11. Pazienti con una conta piastrinica al basale inferiore a 100.000 piastrine/mm³.
12. Pazienti con intolleranza o controindicazione alla terapia farmacologica con acido acetilsalicilico (aspirina), eparina, clopidogrel o ticlopidina.
13. Pazienti con ipersensibilità al mezzo di contrasto che non possono essere adeguatamente premedicati.
14. Pazienti il ​​cui vaso bersaglio è stato precedentemente sottoposto a stent.
15. Qualsiasi procedura per il trattamento di un'altra arteria coronarica programmata entro 6 mesi dall'impianto dello stent dello studio.

Criteri di esclusione relativi all'angiografia

1. Pazienti con precedente PCI dello stesso segmento (es. nessuna lesione ristenotica).
2. Qualsiasi precedente procedura interventistica (meno di 6 mesi) ovunque all'interno del vaso bersaglio.
3. La lesione bersaglio è localizzata o fornita da un innesto di bypass arterioso o venoso
4. La lesione bersaglio coinvolge un ramo laterale ≥ 2,0 mm di diametro.
5. Lesione bersaglio ostiale (entro 3,0 mm dall'origine del vaso).
6. Il vaso bersaglio presenta segni di trombo o è eccessivamente tortuoso che lo rende inadatto per l'erogazione e il posizionamento corretti dello stent.
7. Pazienti con occlusioni totali (TIMI 0).

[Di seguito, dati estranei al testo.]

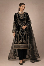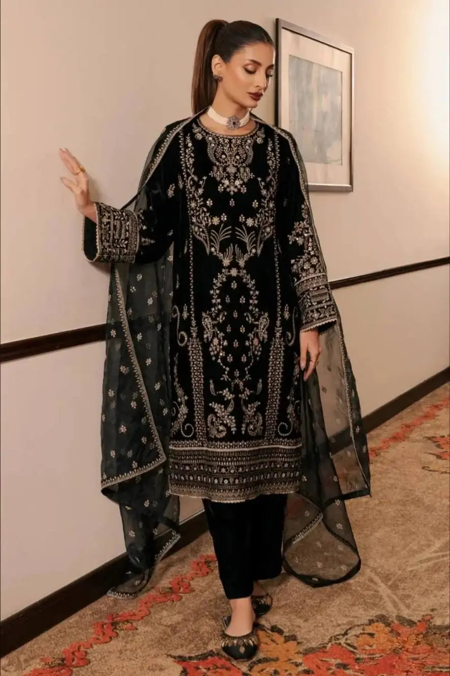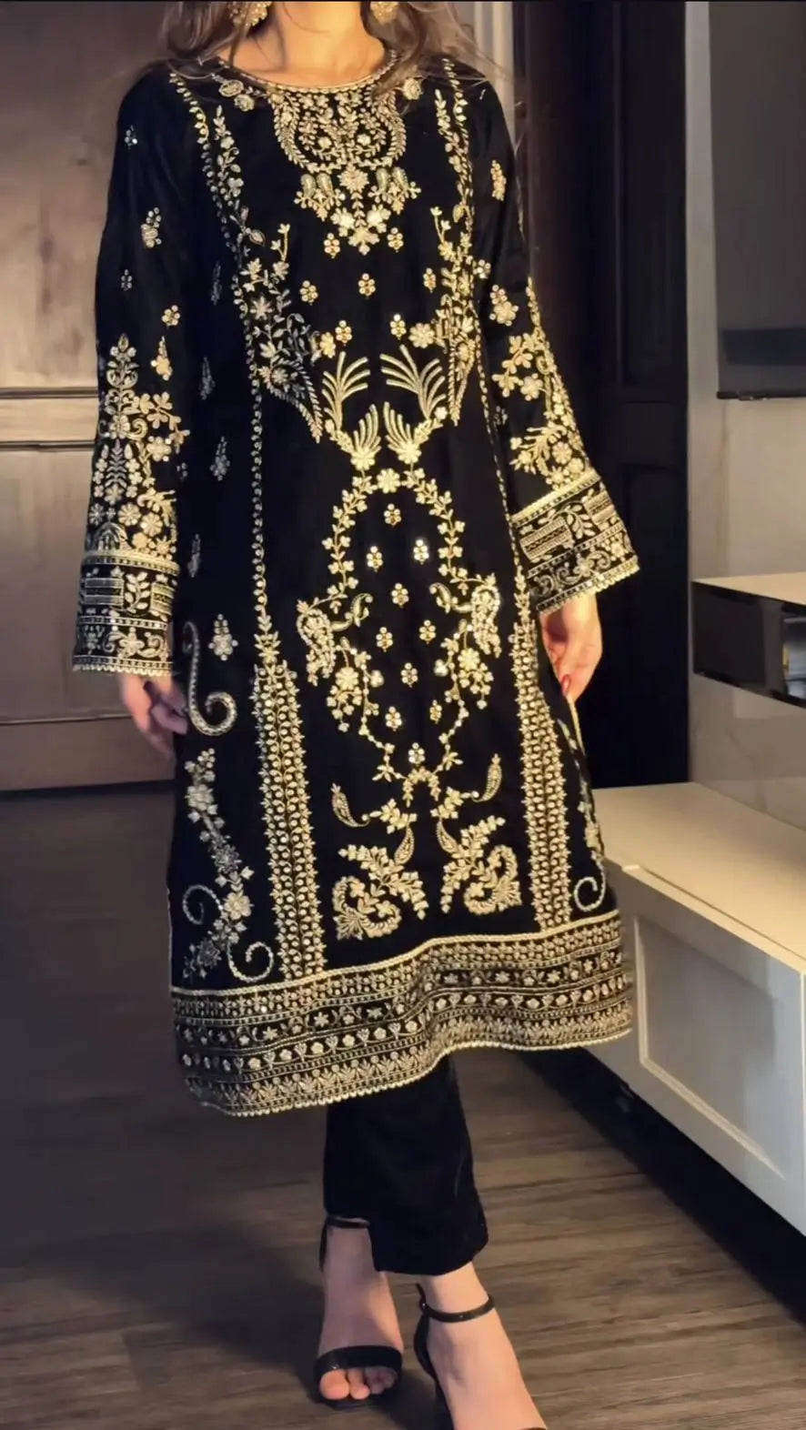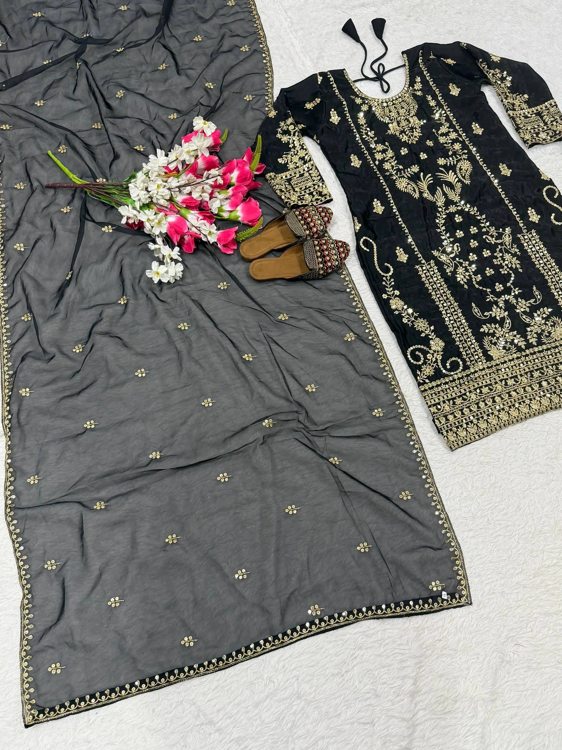 This elegant kurta pant set is crafted from premium Korean satin silk, offering a rich sheen and a graceful drape that enhances its festive appeal. The kurta is adorned with intricate embroidery highlighted by 5mm sequin work, creating a refined and luxurious look. A heavy micro cotton inner ensures comfort throughout extended wear. The matching pants are made from the same Korean satin silk fabric, maintaining a coordinated and polished silhouette. The ensemble is completed with a heavy tabby organza dupatta, beautifully embellished with embroidery and sequin work, adding sophistication and charm. Ideal for festive celebrations, evening functions, and traditional gatherings, this outfit blends modern elegance with classic craftsmanship.

8. Stenosi significativa (>50%) prossimale o distale alla lesione target che potrebbe richiedere la rivascolarizzazione o impedire il deflusso.
9. La lesione target richiede il trattamento con un dispositivo diverso dal palloncino di predilatazione prima del posizionamento dello stent (inclusi, ma non limitati a, aterectomia coronarica direzionale, laser ad eccimeri, aterectomia rotazionale, taglio del palloncino, ecc.).